# 6 months married; miserable



## sequesi

Help!
Looking back, maybe we should not have gotten married. I got married last fall. We are both mid-thirties, this is first marriage for both of us. My husband is a very caring guy, a nice friend to have for anybody, and we have some very good conversations and quite a few good laughs. However, I would rather not have sex with him; and at this point I'm happier when we are doing separate activities. Let me point out that we didn't have good sex when we were dating either - right now, we are once a month or less. And it has not been good. Even the honeymoon sex was kind of lame. 

Things about marriage that make me unhappy: I dislike having to account for myself and my spending. I dislike not having private space. I do not want to talk about sex or why it's not good or why we aren't having it. We each have income, we split the bills although I pay for my house and he pays for his house (we didn't sell his house - using it as rental property - I bought a house shortly before we got married for us to move into together - we picked that house together).

This all feels very surreal. I always thought that I was more decisive than this, that I would know whether I was marrying the right person. I cannot decide how much of this thought process to share with my H. I cannot decipher whether this marriage is entirely off course. We even did pre-marital counseling and went back to the counselor after H was laid off shortly after our wedding. We get along fairly well - but we're a lot like roommates - and, frankly, I prefer to live alone if that's the choice presented to me.

There's so many people on these forums with much bigger issues (finances, substance abuse, etc). I have to wonder if anyone will even notice this posting. But I just feel like I have no friends to tell this to, and I'm good friends with my mom, but I can't have this conversation with her until I have something to say other than "I'm not happy."


----------



## MarkTwain

If he is controlling, that will put you off sex with him. It's #1 on my "hit list" #2 is the doormat hubby. But it's a close second believe me.


----------



## reidqa01

S,

Sounds like you were not ready for marriage.

Everything you post and dislike is marriage.


----------



## sequesi

let's assume I wasn't ready for marriage at the time. I really don't want to hurt my H - I care about him and want him to be well. What can I do to get ready now, in the midst of it? 

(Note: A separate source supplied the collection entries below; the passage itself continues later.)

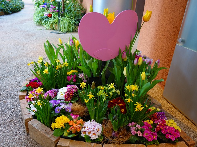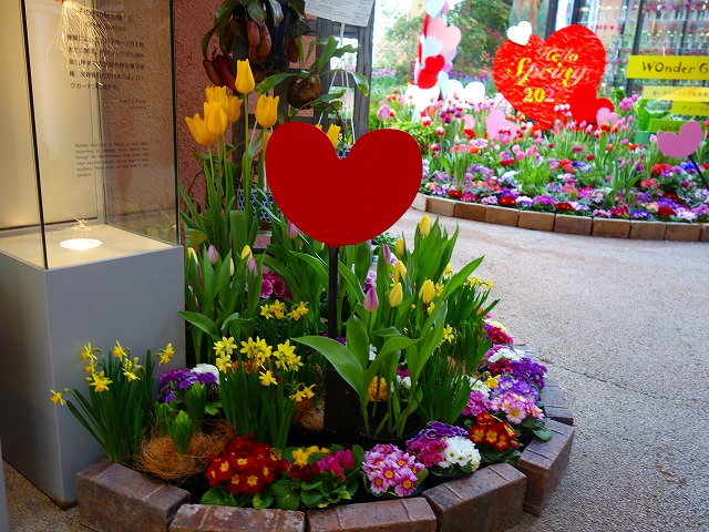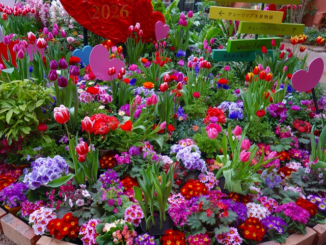 促成栽培で開花させたチューリップと、早春を彩る草花のプリムラ類(プリムラオブコニカ、プリムラマラコイデス、プリムラポリアンサなど)や、球根植物(アネモネ。ラナンキュラス、スイセン)でワンダーガーデンを華やかに彩ります。
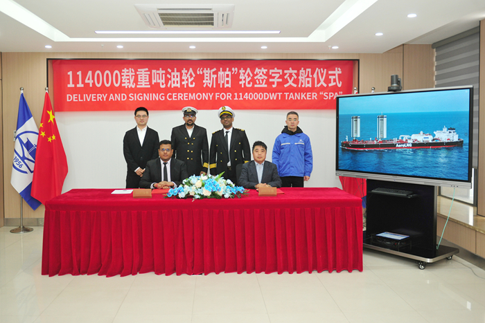 命名当天,船东公司代表abhi shek先生与我集团副总经理兼新扬子造船总经理杜成忠先生分别代表双方签署“SPA”轮交船文件。面对世界首制船型,从攻克风帆装置与船体结构的复杂匹配难题,到面对LNG双燃料系统的精密集成挑战,扬船人发扬“首制即精品”的工匠精神,进行技术攻关与工艺创新,在无数次的模拟优化与实船调试中,成功将蓝图变为现实。这艘船的顺利交付,为我们积累了宝贵的首制船建造数据与经验,填补了企业在又一个高端绿色船舶建造领域的技术空白,更全面验证了扬子江船业应对复杂船型的自主研发能力与精益建造水平,进一步提升了我们应对市场多样化需求的履约能力与技术储备,更为企业在激烈的国际船舶市场竞争中抢占了绿色智能高地。
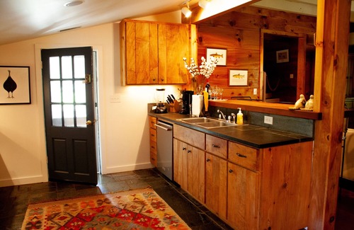 This historic home (originally built in 1805) is located on a working horse farm just south of Charlottesville. It was recently restored in 2007 and updated to keep the historic, yet cozy cabin-esque feel, with all of the modern amenities. All of the wood used throughout the restoration (from kitchen cabinets to porch floor) is sourced right from Quiet Entry Farm and milled from the sawmill located up the hill from the house.
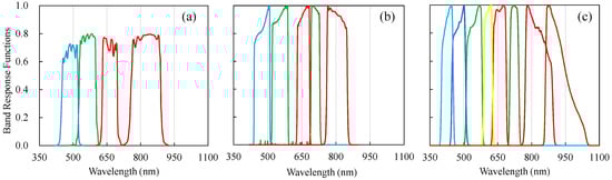 Band response functions for: FORMOSAT-2 (a); RapidEye (b); and WorldView-2 (c) satellite sensors used in this study.
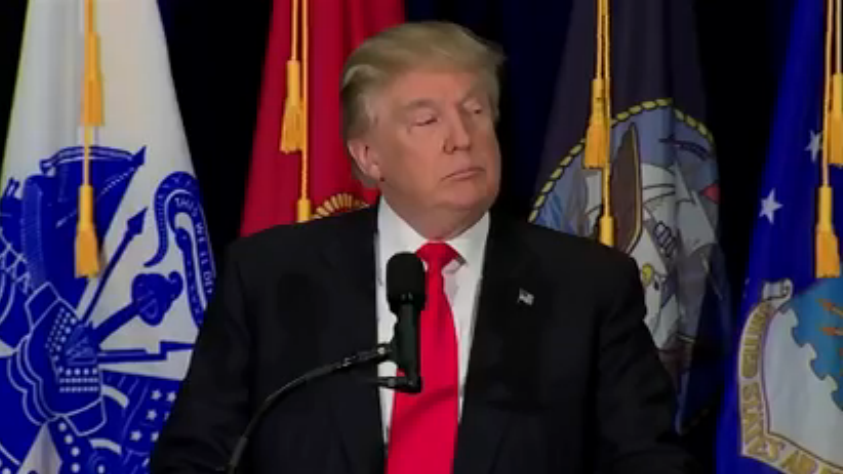 At the top of the speech in Virginia Beach, Virginia, Trump addressed the Dallas shooting that resulted in the deaths of five police officers last week. In an appeal to police officers, Trump said he was appreciative of their service.
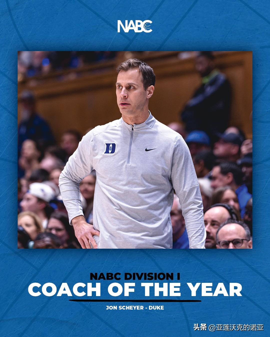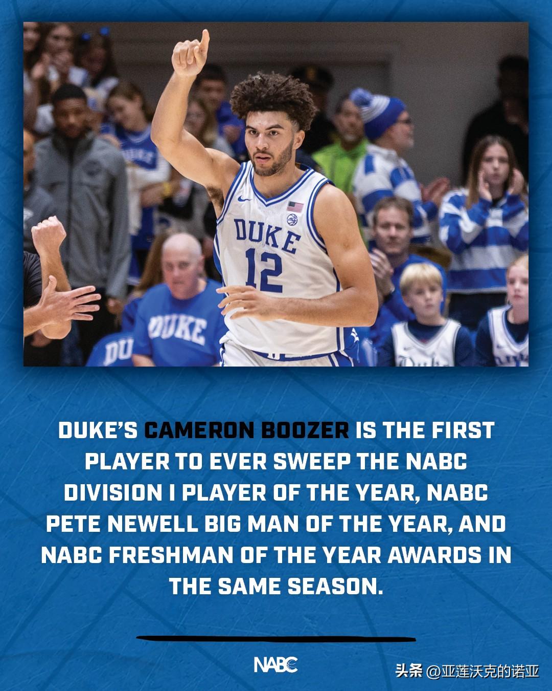 杜克前锋Cameron Boozer被NABC美国篮球教练协会评为全美最佳球员,同时还荣获皮特-纽维尔Pete Newell最佳大个子球员奖以及NABC年度最佳新人,38岁主帅Jon Scheyer执教蓝魔取得35胜3负的战绩拿到最佳教练,成为自1999年老K以来首位摘得NABC最佳教练的杜克教头。
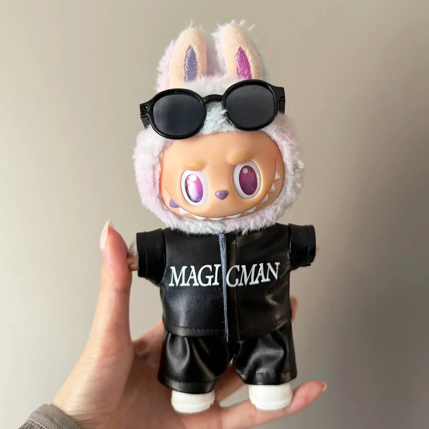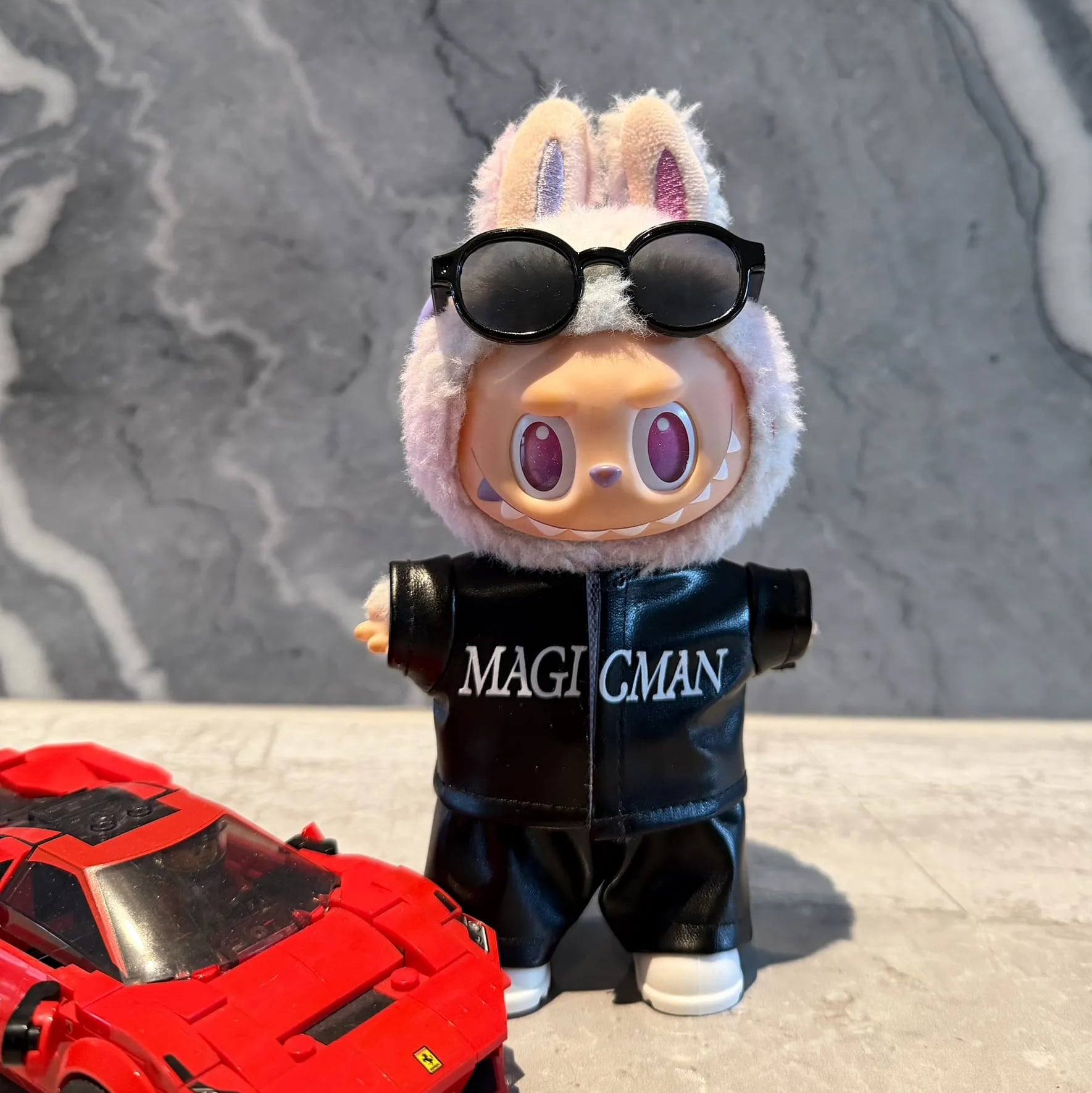 超かっこいい!Jackson Wangライク labubu ラブブ レザーセットアップ 17cm ジャケット+パンツ+サングラス+シューズ 本格派アイドルルック ストリート系 アイドル風

MarkTwain, my H is neither controlling nor a doormat. We're both stubborn, but both very consistently respectful of each other's feelings when we talk. There have been only a few occasions when we have slipped, and then we take responsibility for working on that.


----------



## newmember

It’s ok, don’t feel guilty about that. Don’t blame your self. 
Maybe you don’t love him? Maybe he is not a guy for you? Maybe you are not ready yet for marriage? 

Do you think it’s possible that you married him because you get panicked about your age?
Just think what do you want?


----------



## reidqa01

S,

Give him a no holds or request divorce. That is the least painful way.


You simply leave without strings or attachments.


----------



## sequesi

Thank you for your thoughts/opinions. It's painful, but helpful. I thought when we did our premarital counseling we learned to talk to each other about these issues, but I'm coming to realize that what we learned was to talk around issues and be very very nice to one another. Of course, that's not a bad thing, but I think what we didn't lear was how to incorporate the bad news into the "be kind to one another" mode of communication. I know that it's possible to do both. 

Do you think I should seek counseling - separately? together? - first, before making a move? 

I feel a bit like I'm in an arranged marriage, like I'm a stranger to myself and to him and he is equally a stranger to me.


----------



## reidqa01

Hey go to counseling, there is no harm in trying.

But based on your posts seems marriage is prison to you.

There is 2 people becoming one, you cannot be a separate enity yet you must be happy.


----------



## newmember

If you need counseling then go and they will help you to realize what is missing in your marriage.


----------



## Leahdorus

Do you *want* to be married to this guy? I assume you got married because you love him... If you do want to be with him, but not in the way things are now, then yes, I say give counseling a try. I think I'd start with individual, for yourself first. Does he still want to be married to you? If he does, then I think you might want to spend some time looking at what you want and what your expectations were for marriage. Maybe expectations and reality didn't line up. I say give counseling a shot and see where things lead.


----------



## newmember

How are you?


----------



## martino

Without kids just get a D if you are so unhappy. You are almost living single anyways.


----------



## MarkTwain

sequesi said:


> MarkTwain, my H is neither controlling nor a doormat. We're both stubborn, but both very consistently respectful of each other's feelings when we talk.


I'm surprised you said that.




sequesi said:


> I dislike having to account for myself and my spending. I dislike not having private space.


This seemed to hint at finding him controlling...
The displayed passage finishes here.